§ **DATASET CONTENT**:
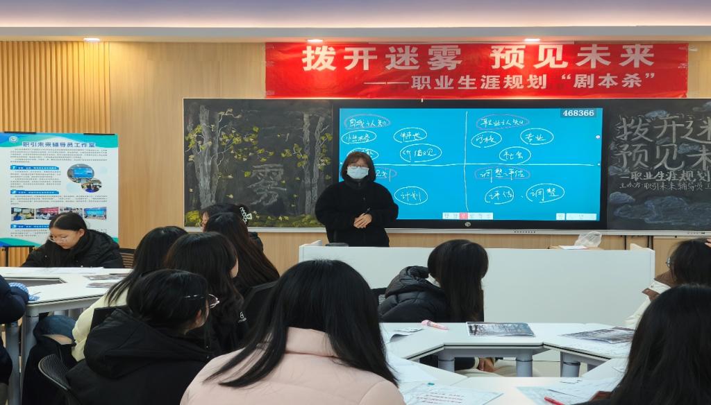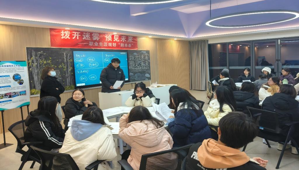在职业生涯道路上会有层层迷雾,一场拨开迷雾,预见未来——职业生涯规划“剧本杀”在12月10日晚上开启,由职引未来辅导员工作室李晗明老师带领员工拨开道路迷雾,寻找职业未来。
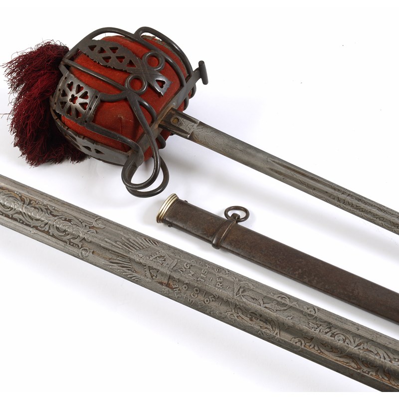 A Victorian Kings Own Scottish Borderers Broadsword with E Thurkle & Sons, Denmark St, Soho, London on the forte. The 33" double-edged blade is decorated with thistles VR and other patterns. On the centre of the blade is Nisi Dominus Trustra. (without the Lord everything is in vain ) Nec Aspera Terrant (Hardships do not deter us) below a Castle and then a Horse respectively. Kings Own Scottish Borderers below a Victorian Crown. Battle Honours from Egypt, Minden, etc up to 1878-80. Full dress hilt with red inner lining and red pommel fringe, steel pierced outer guard in its steel scabbard.
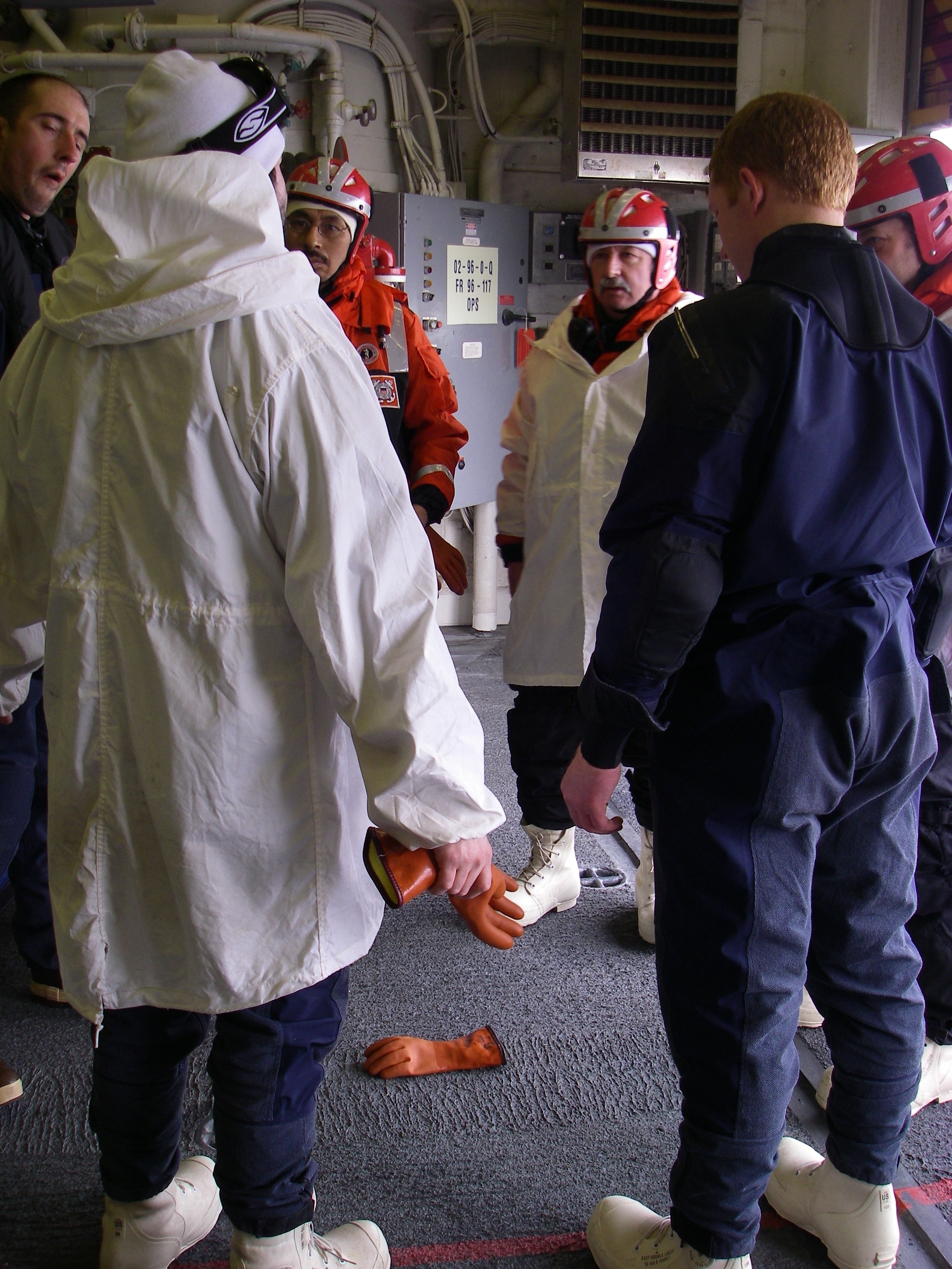 The plan of attack to tag the seal. The "seal" is the glove lying on the floor. On the USCGC Healy icebreaker, on the Bering Sea.

§ **BRIEF**:
What is needed is the listing above, repeated verbatim, without its images.

§ **RESULT OF THE EXERCISE**:
在职业生涯道路上会有层层迷雾,一场拨开迷雾,预见未来——职业生涯规划“剧本杀”在12月10日晚上开启,由职引未来辅导员工作室李晗明老师带领员工拨开道路迷雾,寻找职业未来。
 A Victorian Kings Own Scottish Borderers Broadsword with E Thurkle & Sons, Denmark St, Soho, London on the forte. The 33" double-edged blade is decorated with thistles VR and other patterns. On the centre of the blade is Nisi Dominus Trustra. (without the Lord everything is in vain ) Nec Aspera Terrant (Hardships do not deter us) below a Castle and then a Horse respectively. Kings Own Scottish Borderers below a Victorian Crown. Battle Honours from Egypt, Minden, etc up to 1878-80. Full dress hilt with red inner lining and red pommel fringe, steel pierced outer guard in its steel scabbard.
 The plan of attack to tag the seal. The "seal" is the glove lying on the floor. On the USCGC Healy icebreaker, on the Bering Sea.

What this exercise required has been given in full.